BEGIN SUPPLIED MATERIAL
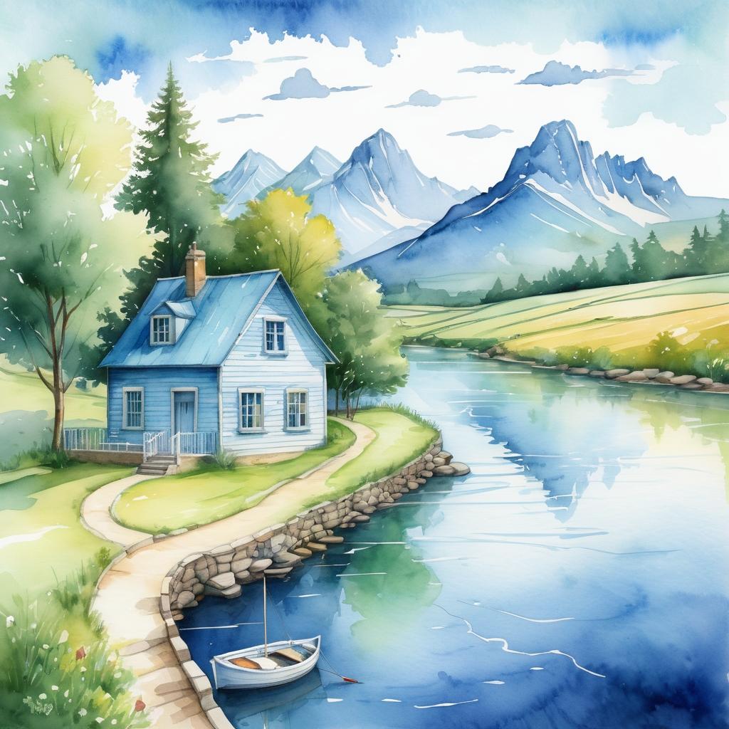 这幅作品用简单的线条勾勒出了一座房屋、一条蜿蜒的河流和一艘帆船,整体色调柔和,包含蓝色和绿色。画面传达了一种宁静的乡村或海边生活的意境,表达了自然与人类居住环境的和谐关系。
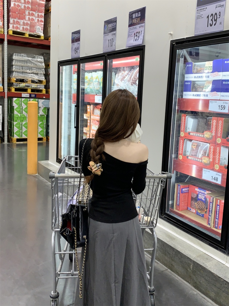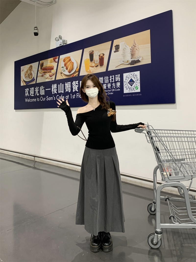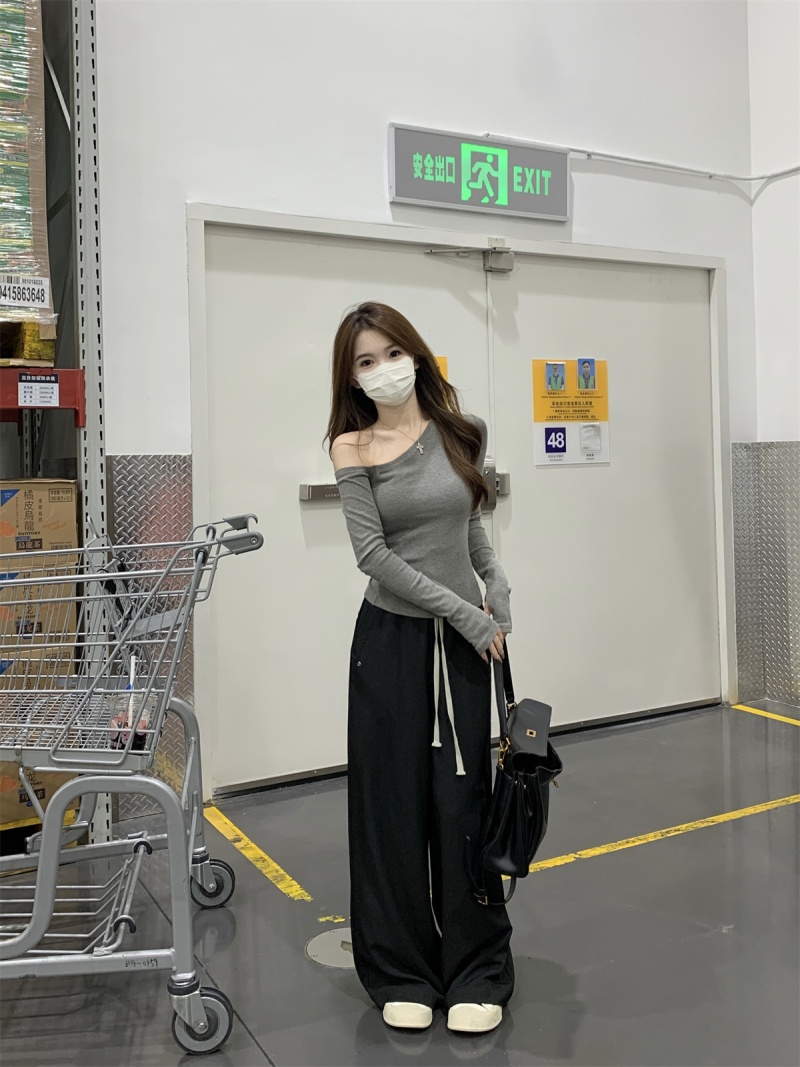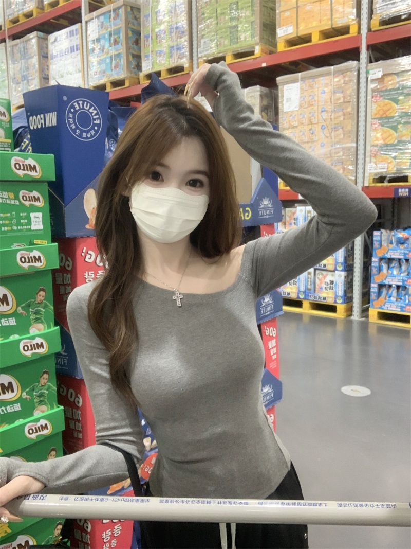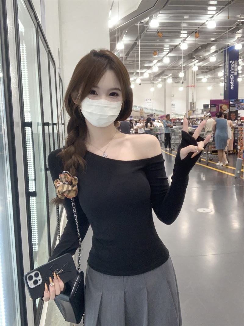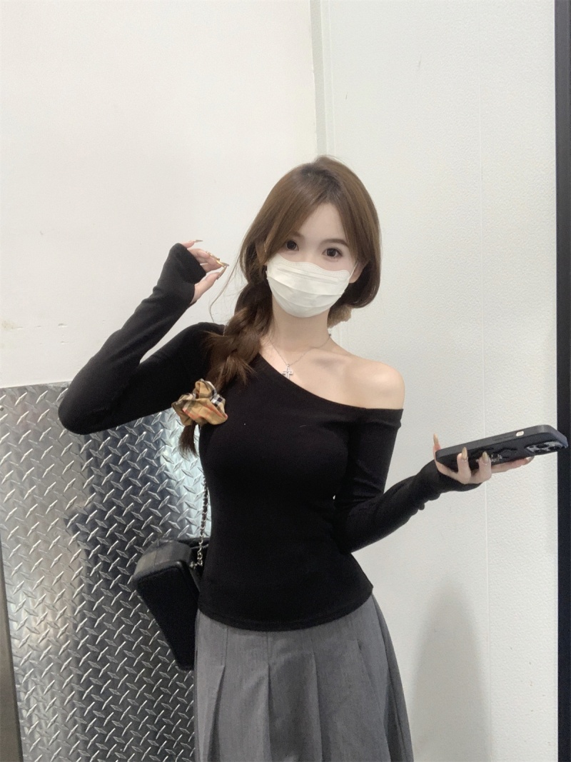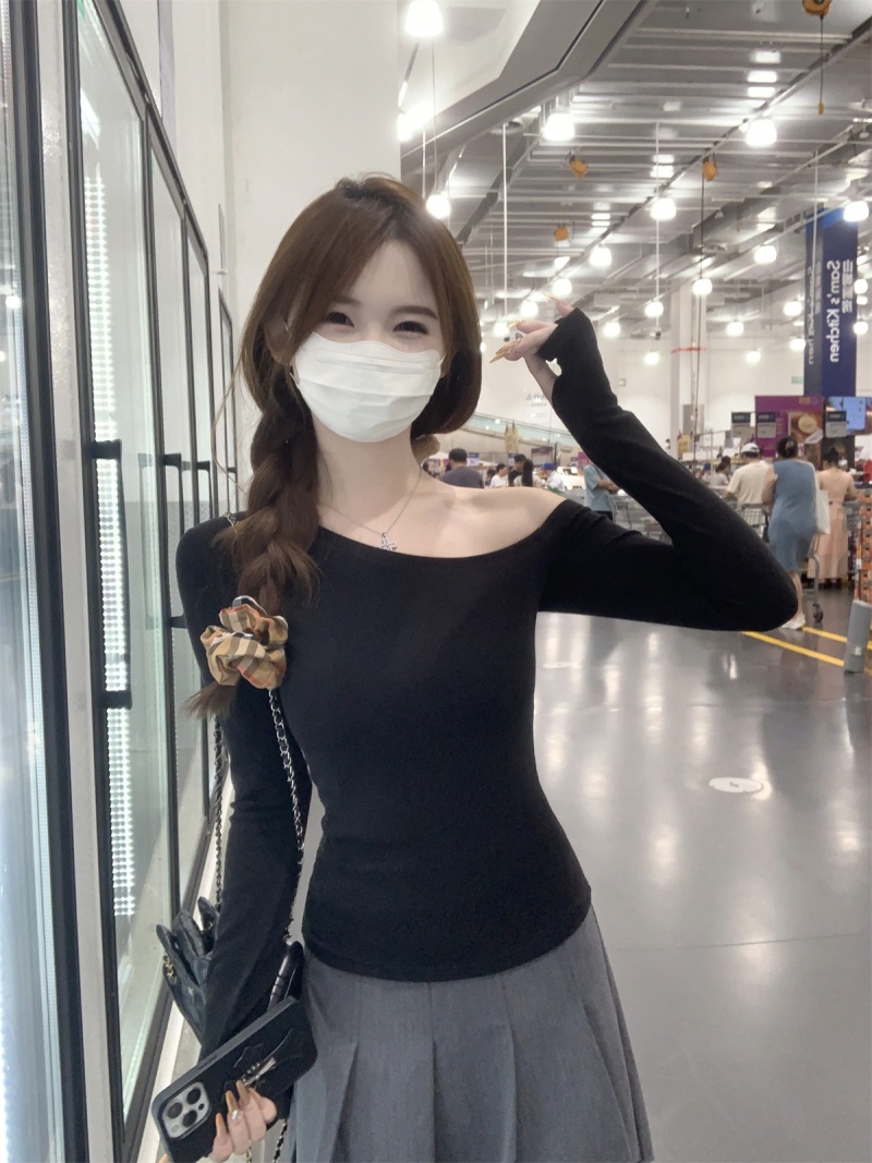 辣妹露肩长袖打底德绒T恤女秋季2025新款修身气质显瘦百搭上衣潮
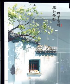 🐾 Chủ đề thư giãn – Tái hiện khung cảnh yên bình với mèo, cây xanh và mái nhà cổ kính.
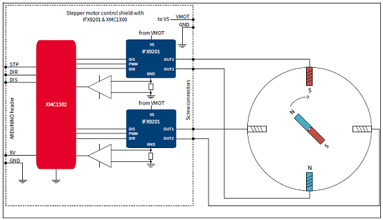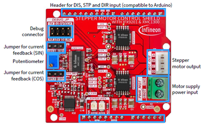 圖9.采用IFX9201和XMC1300的步進馬達驅動擴展板概述圖
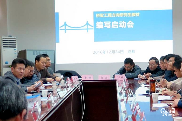 2016年12月24日,由人民交通出版社主办、桥梁工程系承办的“桥梁工程专业研究生教材”编写启动会在我校土木馆召开。来自我校与人民交通出版社、同济大学、重庆交通大学、东南大学、浙江大学、湖南大学、北京交通大学、河海大学、长安大学、武汉理工大学、福州大学、长沙理工大学、东北林业大学以及中交第一公路勘察设计研究院的教授、专家、学者近30人汇聚一堂,就“钢与组合结构桥梁理论”、“桥梁结构试验”与“桥梁有限元分析”(暂定名)三本桥梁专业研究生教材的编写进行磋商。
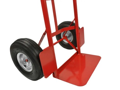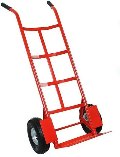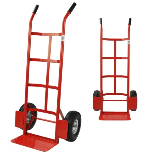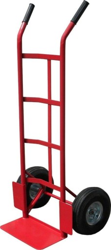 Wózek transportowy 200kg 200x350mm czerwony Wózek transportowy 200 kg. Przeznaczony do przewożenia różnego rodzaju towarów których waga nie przekracza 200 kg. Dodatkowo wzmocniona rama wózka wykonana została z rur o średnicy 25 mm. Cechy produktu: Maksymalne obciążenie: 200 kg Wymiary platformy: 200 x 350 mm Wysokość: 1160 mm Długość: 460 mm Szerokość(góra / dół): 390 / 540 mm Kolor: czerwony Średnica kółka: 260 mm Szerokość kółka: 85 mm Średnica wewnętrzna piasty: 20 mm
END SUPPLIED MATERIAL
PROBLEM DETAILS: Return every line of the records exactly as given, pictures excluded.

WRITTEN RESPONSE:
 这幅作品用简单的线条勾勒出了一座房屋、一条蜿蜒的河流和一艘帆船,整体色调柔和,包含蓝色和绿色。画面传达了一种宁静的乡村或海边生活的意境,表达了自然与人类居住环境的和谐关系。
 辣妹露肩长袖打底德绒T恤女秋季2025新款修身气质显瘦百搭上衣潮
 🐾 Chủ đề thư giãn – Tái hiện khung cảnh yên bình với mèo, cây xanh và mái nhà cổ kính.
 圖9.采用IFX9201和XMC1300的步進馬達驅動擴展板概述圖
 2016年12月24日,由人民交通出版社主办、桥梁工程系承办的“桥梁工程专业研究生教材”编写启动会在我校土木馆召开。来自我校与人民交通出版社、同济大学、重庆交通大学、东南大学、浙江大学、湖南大学、北京交通大学、河海大学、长安大学、武汉理工大学、福州大学、长沙理工大学、东北林业大学以及中交第一公路勘察设计研究院的教授、专家、学者近30人汇聚一堂,就“钢与组合结构桥梁理论”、“桥梁结构试验”与“桥梁有限元分析”(暂定名)三本桥梁专业研究生教材的编写进行磋商。
 Wózek transportowy 200kg 200x350mm czerwony Wózek transportowy 200 kg. Przeznaczony do przewożenia różnego rodzaju towarów których waga nie przekracza 200 kg. Dodatkowo wzmocniona rama wózka wykonana została z rur o średnicy 25 mm. Cechy produktu: Maksymalne obciążenie: 200 kg Wymiary platformy: 200 x 350 mm Wysokość: 1160 mm Długość: 460 mm Szerokość(góra / dół): 390 / 540 mm Kolor: czerwony Średnica kółka: 260 mm Szerokość kółka: 85 mm Średnica wewnętrzna piasty: 20 mm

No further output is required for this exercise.